MURRAY — The last time Calloway County Sheriff Sam Steger was discussing the findings of a state audit, he was reviewing a very positive report. 

On that particular occasion, the office of Kentucky State Auditor of Public Accounts Mike Harmon had not made a single comment when it came to the 2017 tax settlement for Steger’s office. On Monday, though, the ’17 financial statement audit had three, some of which are quite familiar to the veteran law enforcement official. 

“One I’m pretty sure is going to be lacking segregation of duties,” Steger said in addressing the report Monday afternoon. He was correct, as one of the findings was indeed “lacks adequate segregation of duties,” which Steger said, in layman’s terms, is saying that not enough people in the office are examining financial matters. 

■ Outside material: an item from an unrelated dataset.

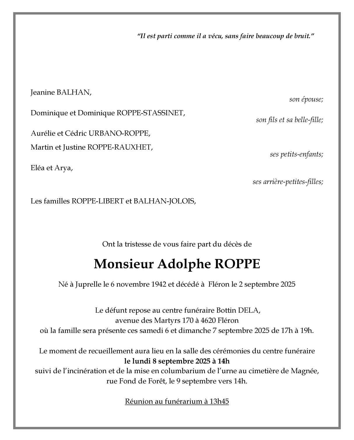 Décédé à Fléron (4620, Belgique) le mardi 2 septembre 2025 à l'âge de 82 ans
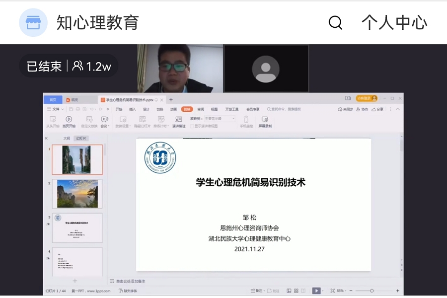 本网讯(通讯员 罗永健)11月28日晚,民进会员、恩施州心理咨询师协会会长、我校心理学教师邹松受湖北省心理学会中小学心理健康教育专委会邀请做客“2021心理健康教育专家讲坛”,通过线上直播作了《学生心理危机简易识别技术》专题讲座。邹松作讲座讲座中,邹松从现实视角介绍了当前青少年存在的心理问题,从关系视角阐释了识别心理危机最便捷的是学生身边的人,从技术层面提出了“1234”学生心理危机简易识别技术;通过“一...

“I have that one nearly every time and it’s because we lack the staff,” he said, comparing his situation to that of another agency whose audit report was revealed Monday, the Daviess County Sheriff’s Department, which serves a considerably larger population. He said it should not have been surprising that Daviess’ report showed no such issues. “I don’t have as many people looking over everything like those larger departments. We do the best we can.”

The second finding showed that Steger overspent his approved budget by $57,115, while a third finding showed that the maximum salary limit was overspent by $217,172. The report stated that the second finding noted that a budget amendment was obtained but it did not adequately cover all expenses. The report on the third finding said that the annual order setting the maximum amount for deputies and assistants included the employer Social Security and retirement match by mistake. 

Steger said the problems with Finding 3 have been corrected. He also said that when it comes to Finding 2, undetermined receipts and disbursements that spill over from one year to the early part of another can make tracking a budget difficult. 

“Here’s the bottom line. There is no money missing,” he said. “If we go over our budget, we work those problems out and our fiscal court is great about helping us out in situations like this. 

“Nobody likes to be written up. I certainly don’t. However, I think it is good that (Harmon’s office) does this because it can find where money is being misappropriated and that’s when things get really bad.”